Specialty distribution is heavily weighted toward general practice and internal medicine. Specialist coverage — particularly in fields like cardiology, oncology, and neurology — is thin. This has direct implications for patient referral flows and for which clinic types to prioritize in the sales motion.
Geographic concentration is significant. The majority of registered practitioners are based in Georgetown and its immediate environs. Regional coverage in Guyana's interior — Regions 8, 9, and 10 — is sparse. Building for the regions will require offline-first functionality that we have already begun architecting.
Data quality varies.
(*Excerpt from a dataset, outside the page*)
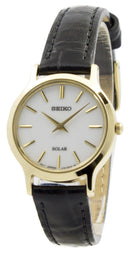 Gold Tone Stainless Steel Case Black Leather Strap Solar Powered Caliber: V115 Hardlex Crystal White Dial Batons Dial Markers Power Reserve Buckle Clasp Solid Case Back Push/Pull Crown 30M Water Resistance Approximate Case Diameter: 26.1MM Approximate Case Thickness: 6MM --- Authentic Watch --- 1-Year International Warranty --- Free Shipping
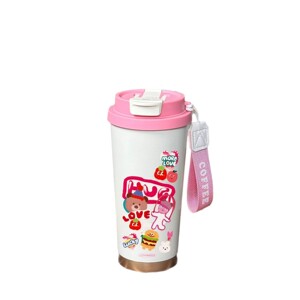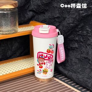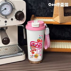 ピンクの漫画魔法瓶カップ、パーソナライズされたシンプルでポータブルな女の子用蓋付き大容量韓国風日本カップイン大容量

The registry, while comprehensive, contains inconsistencies in specialty classification, contact information, and practice location data. Cleaning and canonicalizing that data — building our own 52-specialty taxonomy — was a significant undertaking that now represents a proprietary data asset.
Where We Are Now
The platform is built. The registry is integrated and clean. The pilot phase is active, with clinic outreach underway in Georgetown. Our target is the first cohort of paying clinics in 2026 Q3.
The 90 days it took to integrate 1,494 practitioners was not a distraction from building the business. It was the business. Every clinic we approach for onboarding already has its practitioners in our system. Every patient who opens the app on day one will find their doctor there.
That is not an accident. It is the result of making the right sequencing decision early, before the pressure to generate revenue made the harder path seem less attractive.